Tuesday, May 10, 2011

Shawls on the fence

I'm still plugging away at my lump o' mystery KAL shawl:


Meet my 24" circular lace needle, courtesy of Addi and whichever LYS I acquired it from (When it comes to Addi, I seem to be spreading the love around.)

It's holding all the current stitches and appears to be able to hold a lot more of them yet, making this size a keeper because it will also do a sweater body and flat knitting.  To think I was annoyed when I realized I already had this exact size when I got a second with a non-lace tip!  The lace tip is great here, but in superfast stockinette my fingers appreciate the non-jabbiness of the regular tip.

And now back to the mystery lace shawl.  It's not so much lace really (till now) but warm garter and deeply furrowed ribbing, making it look quite small still which seems to be worrying some of the other knitters in this KAL, not least because now that it's so big it's eating up a ton of yarn every row such that one must look for contrasting border yarn in self-defence. 

I'm not worrying about that, partly because I already lined up a good contrast.  Admittedly, I haven't started the last bit of the current clue myself because there seems to be a slight hitch in the current wording of what I have to do next, and I was too exhausted the last few days to pick my way around that; today, the shawl is on the top of the knitting pile.

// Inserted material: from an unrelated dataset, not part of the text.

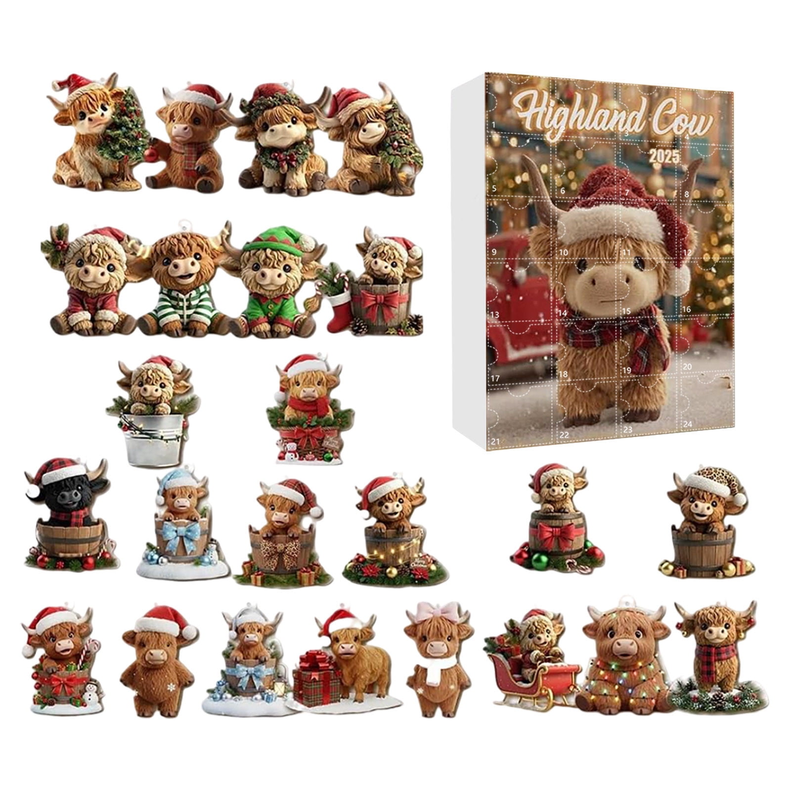 Highland Cow Advent Calendar 2025 Cute Christmas Ornaments Holiday Gift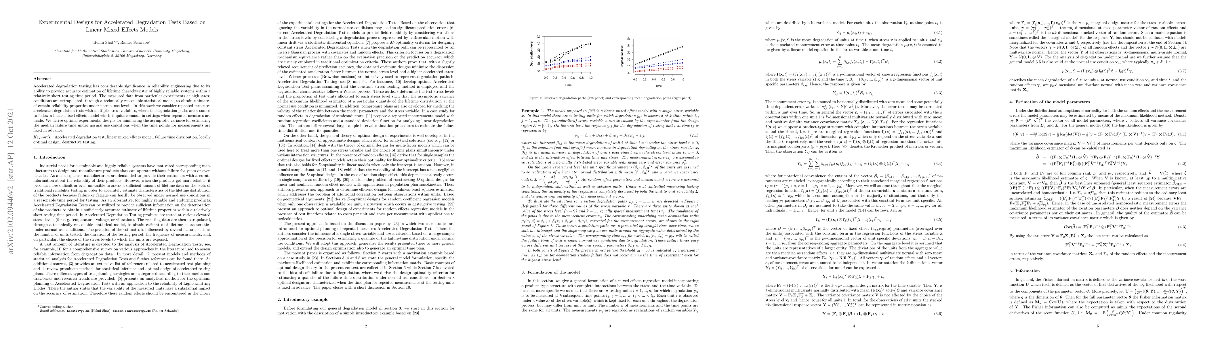 This paper develops optimal experimental designs for accelerated degradation tests using linear mixed effects models, focusing on minimizing the variance for estimating median failure time under normal conditions. It considers both fixed and optimized measurement time points for repeated measures under multiple stress variables.

But a small shawl is okay with me if it turns out that way - which I doubt because you can block the dickens out of a shawl and lace always grows in the water even if there's just a little of it, proportionally - because small shawl = scarf and I never know how to wear a shawl without looking dweeby.  We've been discussing this over at Knitting and Tea and Cookies and someone helpfully posted a link to this video which gives very good suggestions on that front. 

Watch the video at your own risk.  It's making me think about making a really big shawl and I hate to think what it might do to you.

Yesterday it occurred to me that I could slip the shawl onto a needle of any size just to take a picture, so I got most of it onto a 47-incher and left the the rest where it was.  It still bunched.

Here is a closeup:


And here is the whole thing.  Don't the needles look like long spindly witch hands in plotting-something mode?


After I got the stitches back where they belong I noticed the needle I'd just used is a lace tip in a 3mm size.  Which would be perfect for the really big shawl I'm not thinking about at all.